Entries provided
+++++

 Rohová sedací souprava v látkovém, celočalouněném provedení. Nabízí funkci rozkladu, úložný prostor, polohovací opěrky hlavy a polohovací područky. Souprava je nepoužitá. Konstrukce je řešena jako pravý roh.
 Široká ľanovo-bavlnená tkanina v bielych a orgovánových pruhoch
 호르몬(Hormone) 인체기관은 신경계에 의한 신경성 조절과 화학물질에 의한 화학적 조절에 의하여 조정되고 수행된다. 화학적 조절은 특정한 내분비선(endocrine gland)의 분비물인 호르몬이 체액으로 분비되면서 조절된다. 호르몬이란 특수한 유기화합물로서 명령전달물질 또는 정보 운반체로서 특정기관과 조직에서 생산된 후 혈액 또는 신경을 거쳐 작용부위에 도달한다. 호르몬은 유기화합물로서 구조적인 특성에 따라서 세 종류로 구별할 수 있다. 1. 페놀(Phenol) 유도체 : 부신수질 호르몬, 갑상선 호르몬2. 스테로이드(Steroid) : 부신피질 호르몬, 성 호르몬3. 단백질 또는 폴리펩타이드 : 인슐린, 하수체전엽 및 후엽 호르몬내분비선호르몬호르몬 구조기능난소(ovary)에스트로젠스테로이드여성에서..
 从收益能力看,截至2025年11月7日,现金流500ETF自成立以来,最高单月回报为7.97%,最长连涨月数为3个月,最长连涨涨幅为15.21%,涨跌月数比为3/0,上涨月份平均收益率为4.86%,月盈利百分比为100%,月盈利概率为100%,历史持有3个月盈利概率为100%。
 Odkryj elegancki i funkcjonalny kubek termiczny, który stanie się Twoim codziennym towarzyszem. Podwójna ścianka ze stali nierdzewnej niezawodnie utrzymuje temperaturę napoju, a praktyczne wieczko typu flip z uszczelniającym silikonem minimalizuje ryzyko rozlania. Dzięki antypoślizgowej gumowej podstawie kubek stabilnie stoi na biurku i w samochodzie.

+++++

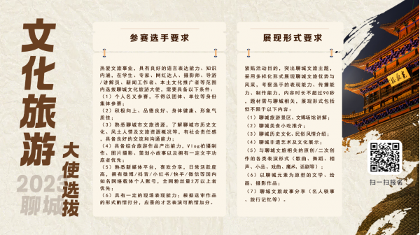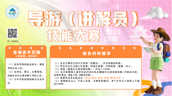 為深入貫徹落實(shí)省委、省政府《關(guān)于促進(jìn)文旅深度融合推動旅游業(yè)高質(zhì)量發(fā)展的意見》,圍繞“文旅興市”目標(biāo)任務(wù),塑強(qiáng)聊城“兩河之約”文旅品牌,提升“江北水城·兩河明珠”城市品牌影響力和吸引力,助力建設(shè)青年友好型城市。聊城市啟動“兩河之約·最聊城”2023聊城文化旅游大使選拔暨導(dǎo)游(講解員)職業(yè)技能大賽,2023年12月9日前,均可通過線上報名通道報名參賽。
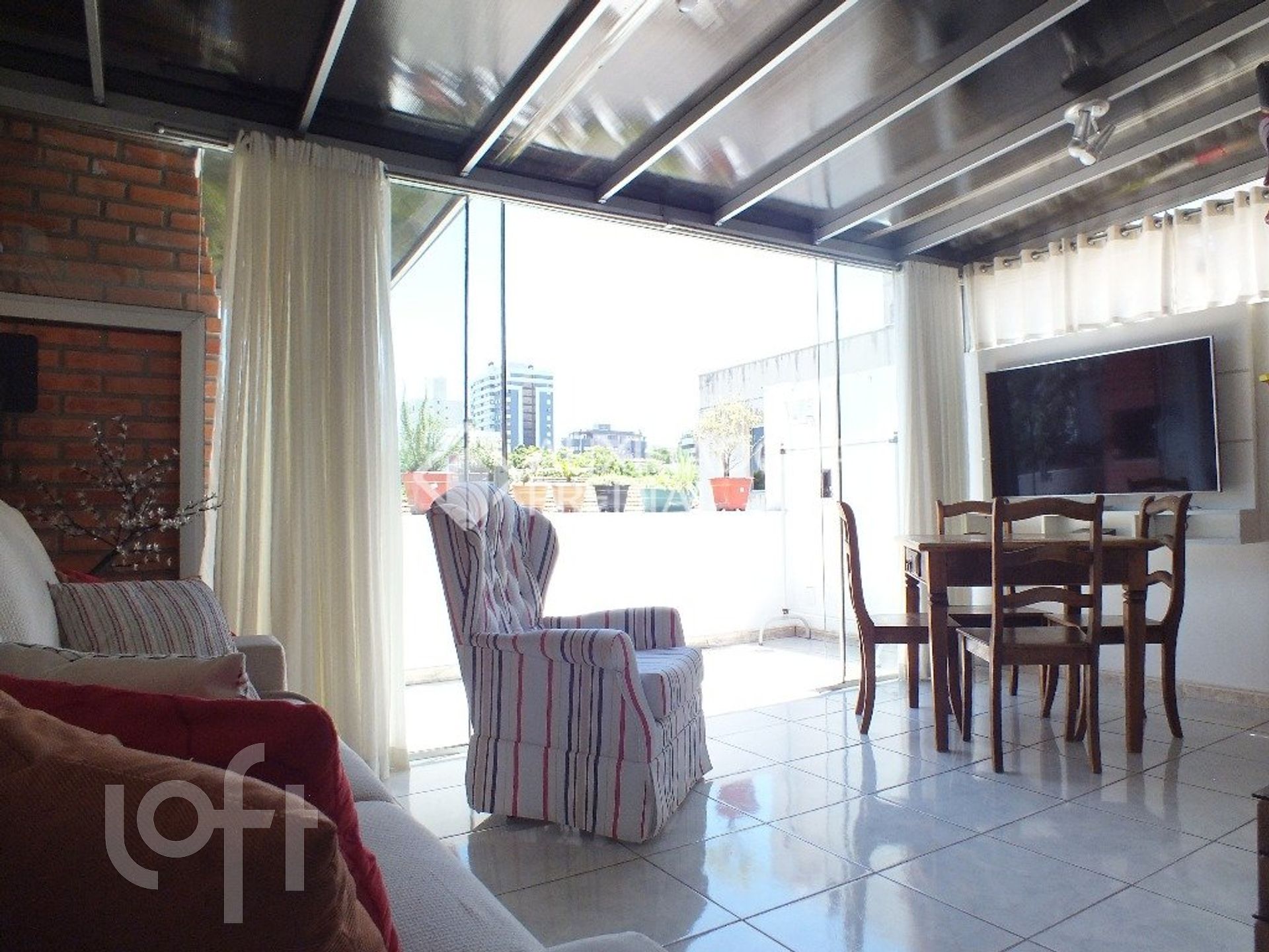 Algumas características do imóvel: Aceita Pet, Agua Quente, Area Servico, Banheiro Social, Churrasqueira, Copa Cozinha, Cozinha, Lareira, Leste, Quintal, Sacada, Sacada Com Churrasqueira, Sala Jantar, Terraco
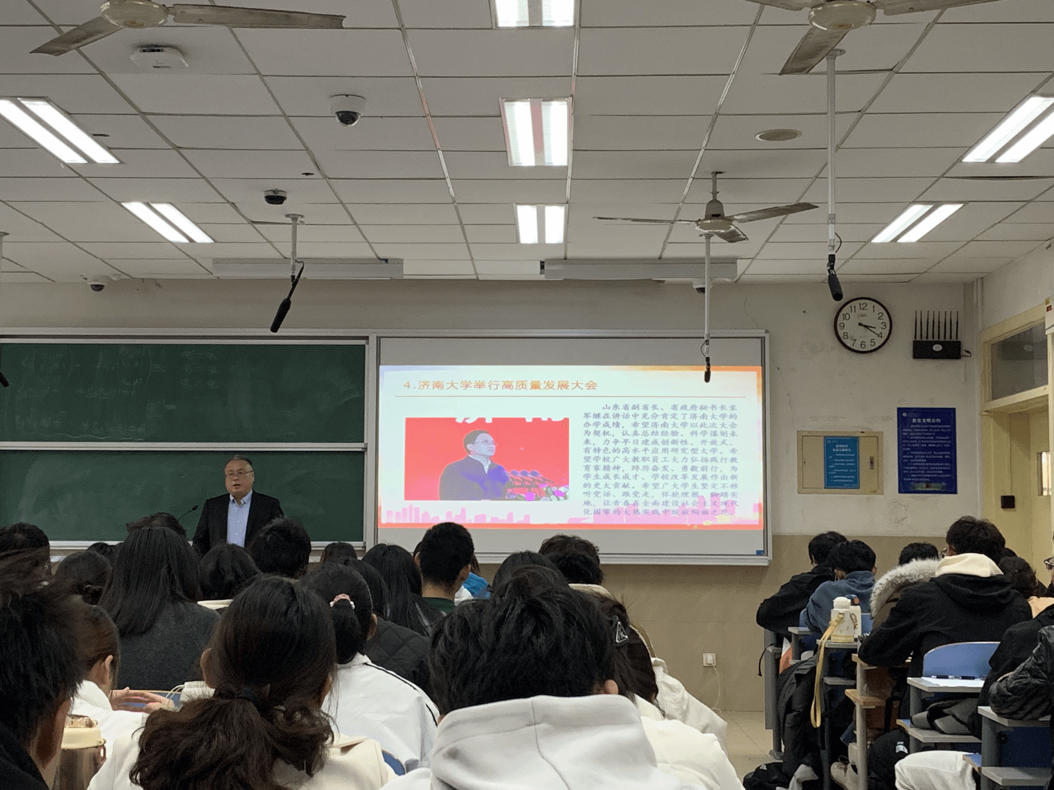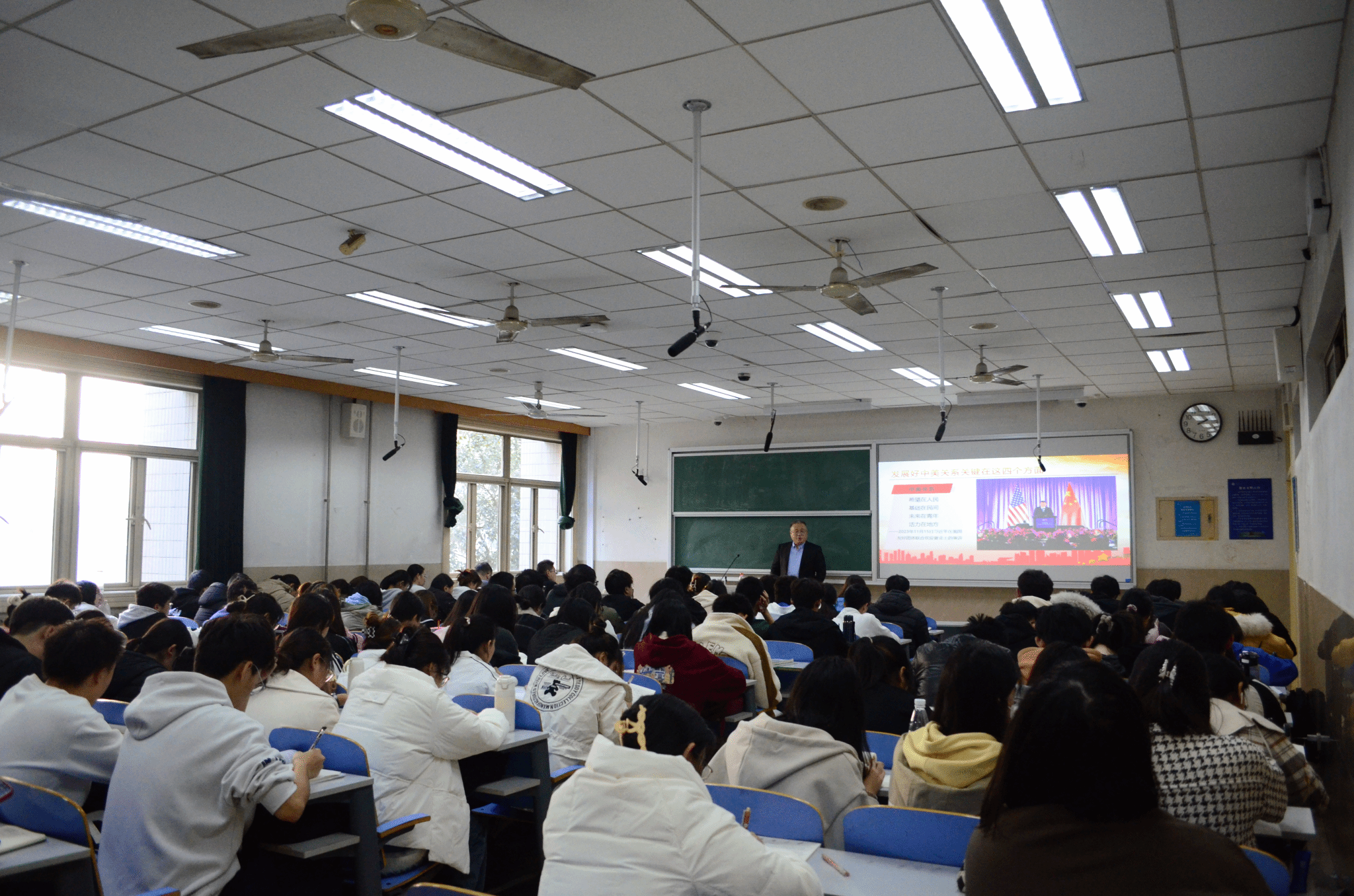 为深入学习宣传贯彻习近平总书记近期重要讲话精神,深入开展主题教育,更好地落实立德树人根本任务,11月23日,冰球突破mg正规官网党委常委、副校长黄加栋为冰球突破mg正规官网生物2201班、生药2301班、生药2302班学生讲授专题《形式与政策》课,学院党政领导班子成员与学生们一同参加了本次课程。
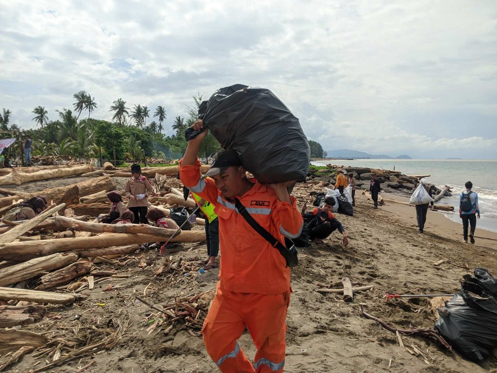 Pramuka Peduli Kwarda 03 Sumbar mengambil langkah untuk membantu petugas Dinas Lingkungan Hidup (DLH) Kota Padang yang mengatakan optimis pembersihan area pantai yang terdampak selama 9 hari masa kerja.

+++++

What to produce
Look above for the line holding "為深入貫徹落實(shí)省委" and output everything from it down to the line holding "为深入学习宣传贯彻习近平总书", both ends included, exactly and without images.

Answer space
 為深入貫徹落實(shí)省委、省政府《關(guān)于促進(jìn)文旅深度融合推動旅游業(yè)高質(zhì)量發(fā)展的意見》,圍繞“文旅興市”目標(biāo)任務(wù),塑強(qiáng)聊城“兩河之約”文旅品牌,提升“江北水城·兩河明珠”城市品牌影響力和吸引力,助力建設(shè)青年友好型城市。聊城市啟動“兩河之約·最聊城”2023聊城文化旅游大使選拔暨導(dǎo)游(講解員)職業(yè)技能大賽,2023年12月9日前,均可通過線上報名通道報名參賽。
 Algumas características do imóvel: Aceita Pet, Agua Quente, Area Servico, Banheiro Social, Churrasqueira, Copa Cozinha, Cozinha, Lareira, Leste, Quintal, Sacada, Sacada Com Churrasqueira, Sala Jantar, Terraco
 为深入学习宣传贯彻习近平总书记近期重要讲话精神,深入开展主题教育,更好地落实立德树人根本任务,11月23日,冰球突破mg正规官网党委常委、副校长黄加栋为冰球突破mg正规官网生物2201班、生药2301班、生药2302班学生讲授专题《形式与政策》课,学院党政领导班子成员与学生们一同参加了本次课程。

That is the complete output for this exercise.